Optimization for <10ms p99 API response times with Django
Table of Contents
- ASGI vs WSGI
- Production Server Configuration
- Async Views
- Async ORM Operations
- Middleware Optimization
- Django Ninja vs DRF
- Caching with Django-Redis
- Database Connection Optimization
- Response Streaming
- Profiling
- Quick Reference
1. ASGI vs WSGI
┌─────────────────────────────────────────────────────────────────────────────────┐
│ WSGI vs ASGI │
├─────────────────────────────────────────────────────────────────────────────────┤
│ │
│ WSGI (Synchronous): │
│ ├── Request → Process → Response → Next Request │
│ ├── One request at a time per worker │
│ ├── Blocking I/O │
│ └── Servers: Gunicorn, uWSGI │
│ │
│ ASGI (Asynchronous): │
│ ├── Request → Start Processing → Await I/O → Continue → Response │
│ ├── Many concurrent requests per worker │
│ ├── Non-blocking I/O │
│ └── Servers: Uvicorn, Daphne, Hypercorn │
│ │
│ PERFORMANCE: │
│ ├── ASGI: ~3,000 req/s (Django with Uvicorn) │
│ ├── WSGI: ~1,500 req/s (Django with Gunicorn) │
│ └── Note: ~15ms overhead observed in some ASGI setups │
│ │
└─────────────────────────────────────────────────────────────────────────────────┘
2. Production Server Configuration
Uvicorn (ASGI) - Recommended
# settings.py - ASGI configuration
ASGI_APPLICATION = 'myproject.asgi.application'
# asgi.py
import os
from django.core.asgi import get_asgi_application
os.environ.setdefault('DJANGO_SETTINGS_MODULE', 'myproject.settings')
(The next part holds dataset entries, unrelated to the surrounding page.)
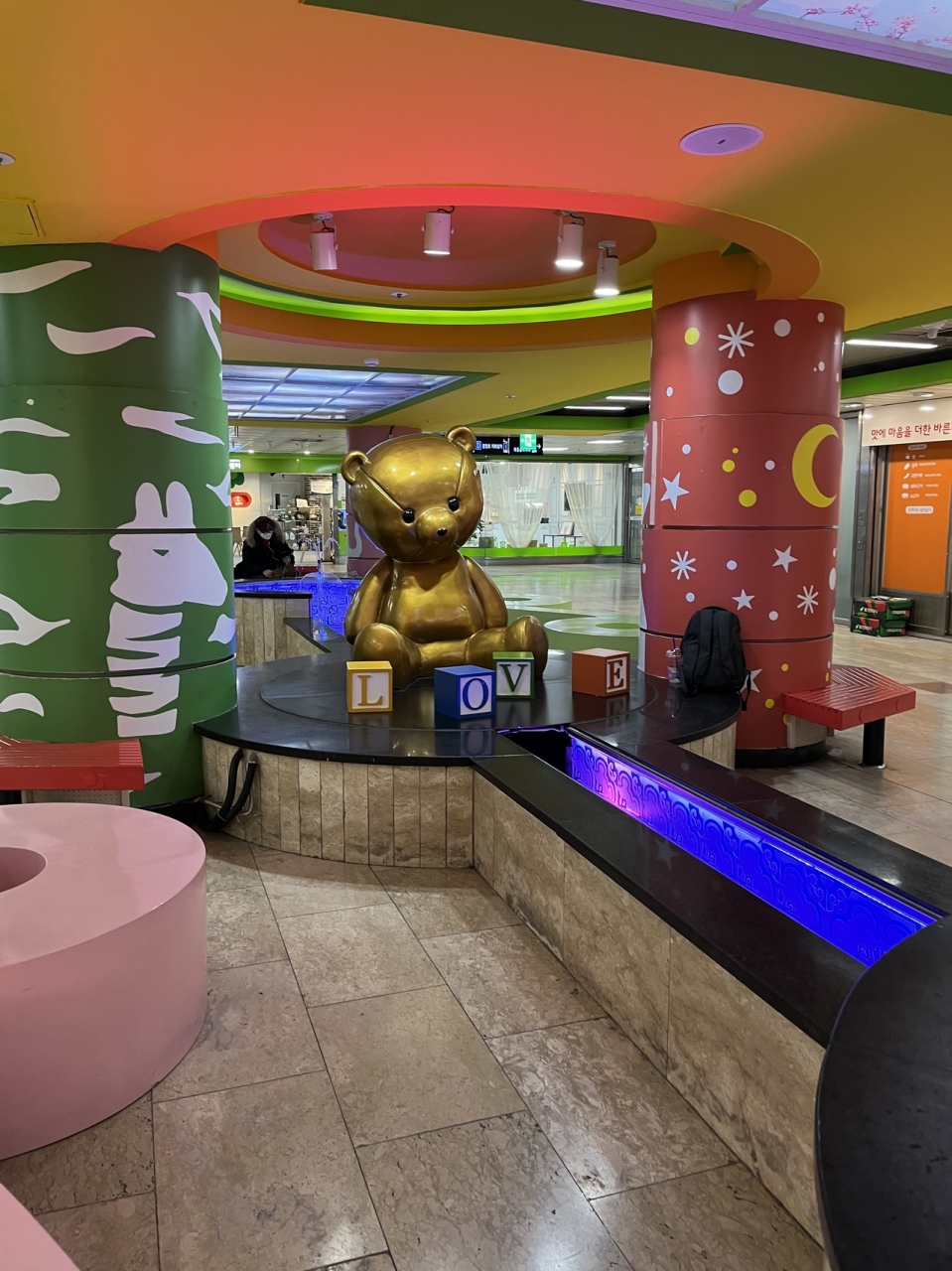 また韓国らしい噴水や展示物のスペースがあって、休んでいる人も多い。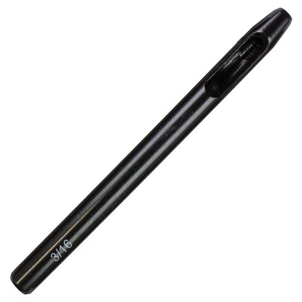 These have a slick Black finish. Best drive punch on the block…at least on our block! These solid one-piece tools, are drop-forged from tool steel, and the sweet thing about them, is that they automatically clean your punched leather out the side of the barrel so there’s never any clogging…I mean who needs a clogged barrel anyway? Round Drive Punch 3/16″ Item #330-1214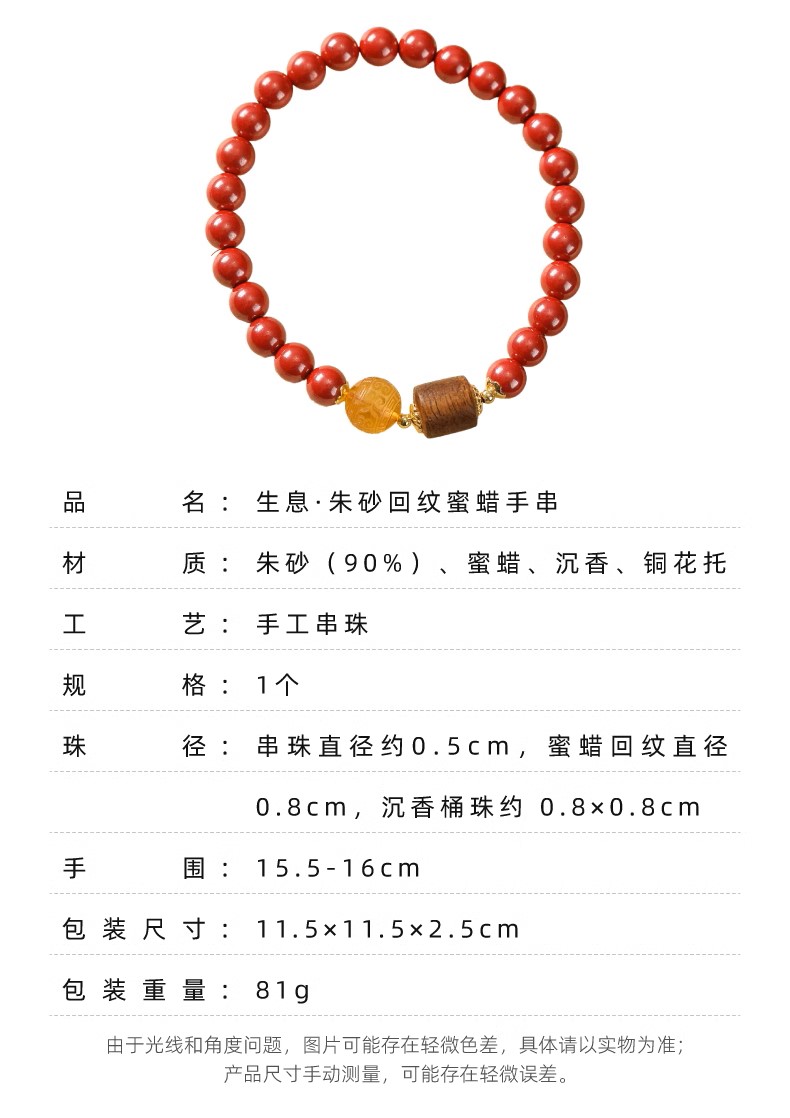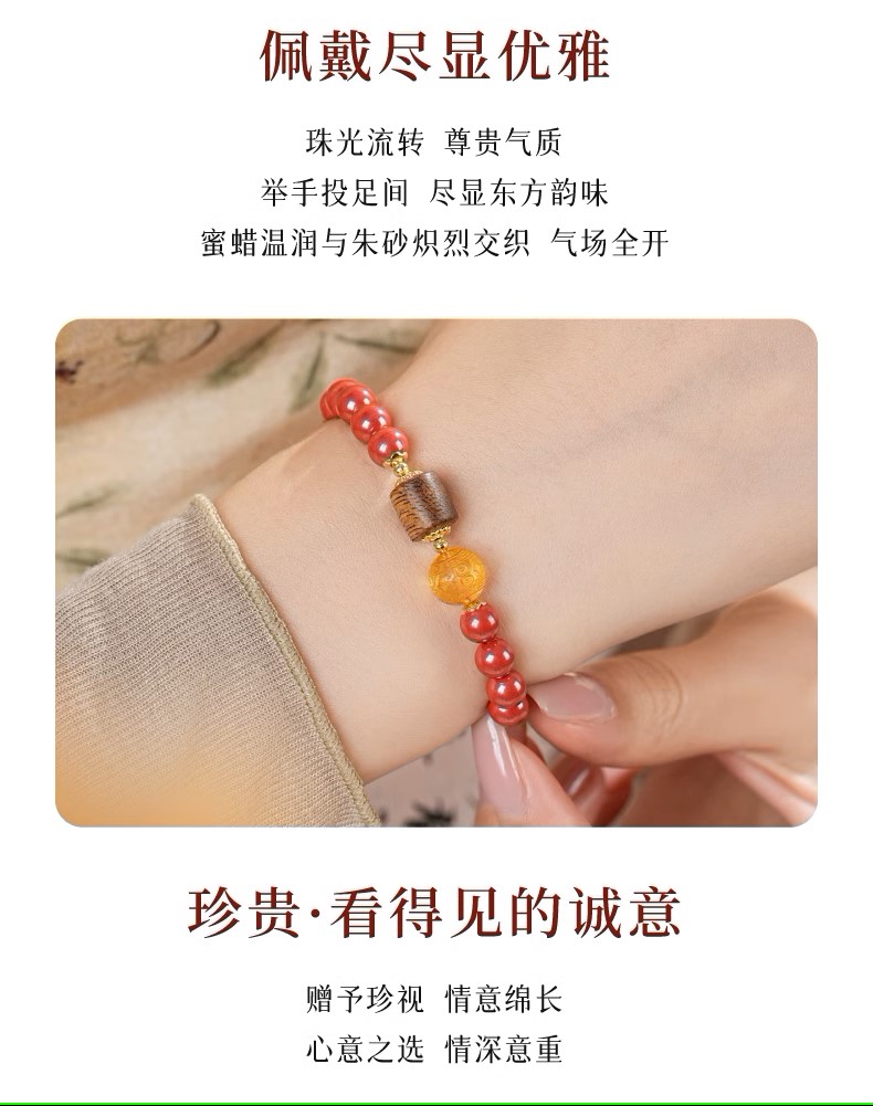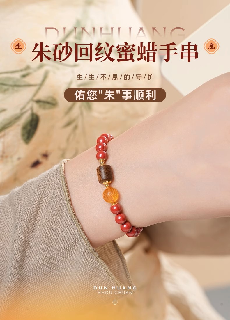 敦煌研究院 生息朱砂回纹蜜蜡手串 文玩手串手链女款文创生日礼物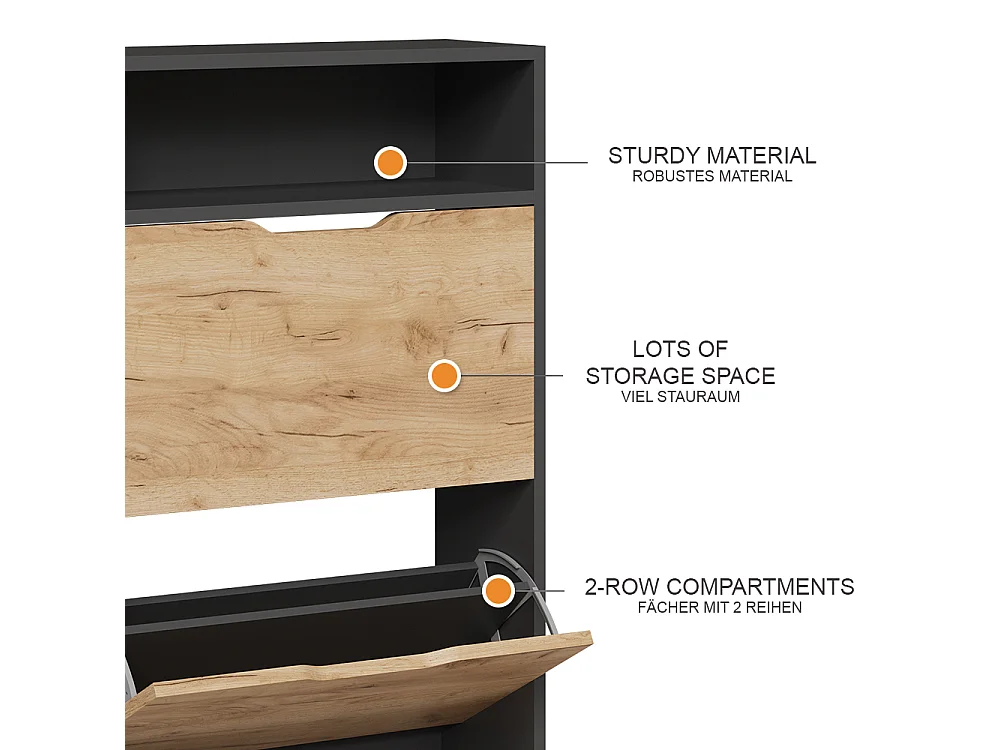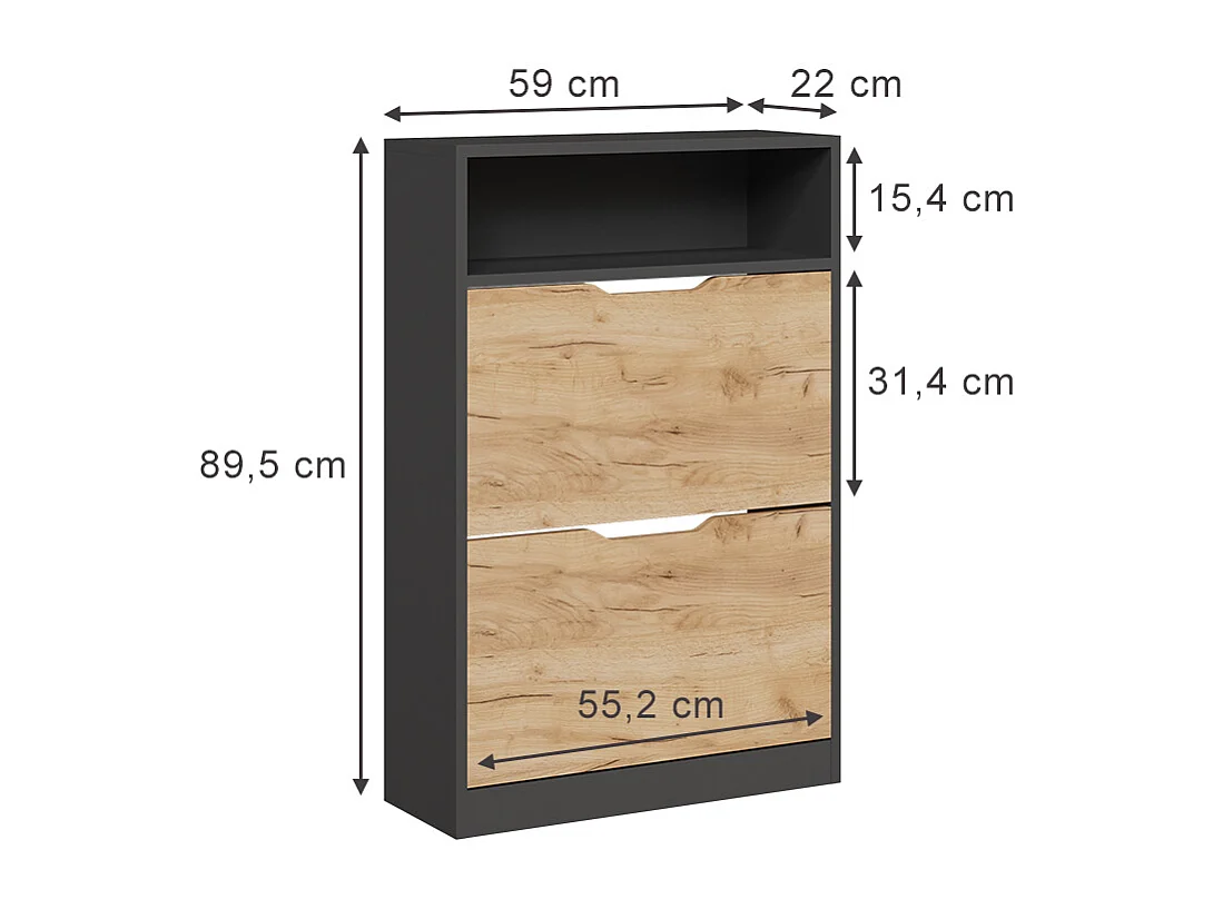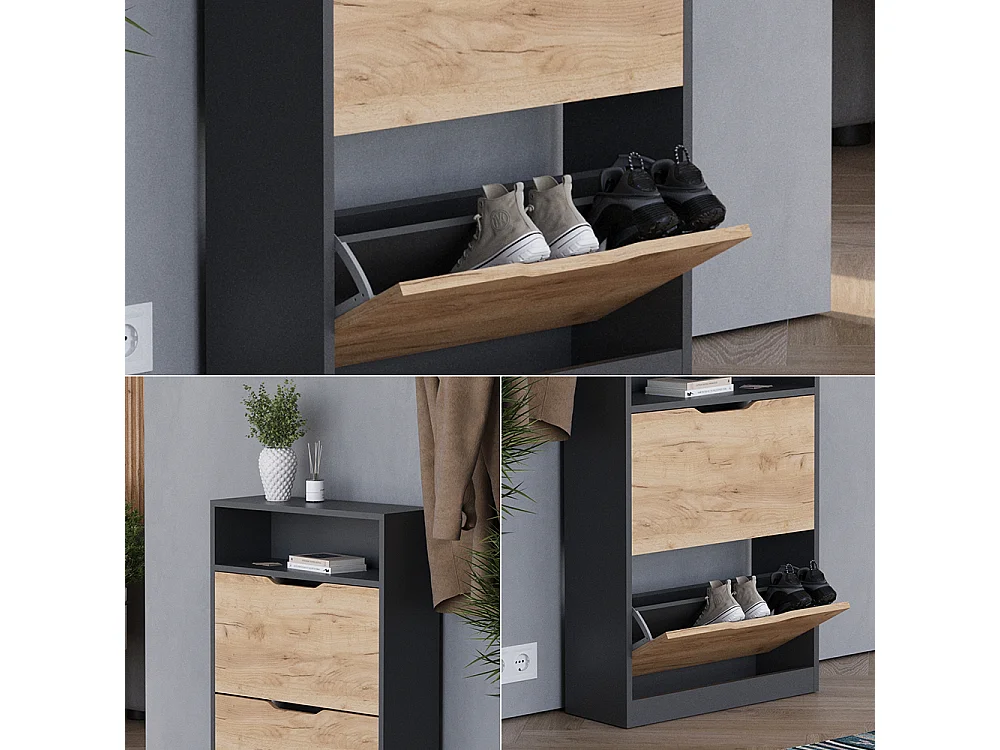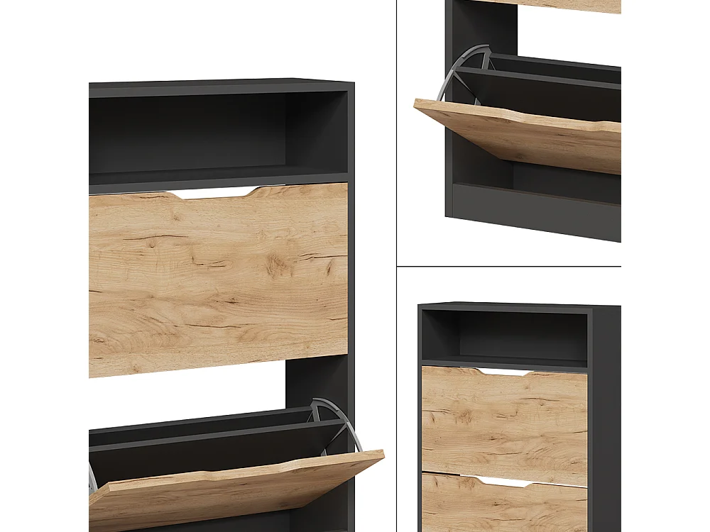 Le basculeur à chaussures anthracite/chêne doré 59x22x89.5 luca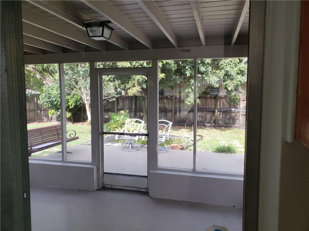 This LARGE 2 bedr / 2 bath home comes with a bonus OFFICE or hobby room. Screened outdoor room and extensive patio area adds to the usable space in the large fenced backyard. Lots of storage! Master bedroom can easily accommodate a king size bed and features a walk-in closet and newly updated bathroom. Home has newer roof and hot water heater, 2 year old new A/C and heater with a transferable warranty. No HOA. Hurricane shutters. Convenient location.

application = get_asgi_application()
Gunicorn with Uvicorn Workers (Production)
# Production command
gunicorn myproject.asgi:application \
--worker-class uvicorn.workers.UvicornWorker \
--workers 4 \
--bind 0.0.0.0:8000 \
--timeout 30 \
--keep-alive 5 \
--max-requests 1000 \
--max-requests-jitter 50
Worker Count Formula
Workers = (2 × CPU cores) + 1
Example: 4-core server
Workers = (2 × 4) + 1 = 9
3. Async Views
Django 4.1+ Async Views
# ❌ SYNC VIEW: Blocks worker during I/O
def sync_view(request):
data = fetch_from_external_api() # Blocks!
items = Item.objects.all() # Blocks!
return JsonResponse({'data': data, 'items': list(items)})
# ✅ ASYNC VIEW: Non-blocking I/O
async def async_view(request):
# Parallel async operations
async with aiohttp.ClientSession() as session:
api_task = session.get('https://api.example.com/data')
# Async ORM (Django 4.1+)
items_task = Item.objects.all().aiterator()
api_response = await api_task
data = await api_response.json()
items = [item async for item in items_task]
return JsonResponse({'data': data, 'items': items})
When to Use Async
USE ASYNC FOR:
├── External API calls
├── Multiple database queries (run in parallel)
├── File I/O operations
├── WebSocket connections
└── Long-polling endpoints
USE SYNC FOR:
├── Simple CRUD operations
├── CPU-bound processing
├── Third-party libraries without async support
└── Legacy code compatibility
4. Async ORM Operations
Django 4.1+ Async ORM Methods
from django.http import JsonResponse
async def get_items(request):
# Async get
item = await Item.objects.aget(pk=1)
# Async filter with list
items = await sync_to_async(list)(
Item.objects.filter(active=True)[:10]
)
# Async iteration
items = []
async for item in Item.objects.filter(active=True)[:10]:
items.append(item)
# Async count
count = await Item.objects.acount()
# Async exists
exists = await Item.objects.filter(pk=1).aexists()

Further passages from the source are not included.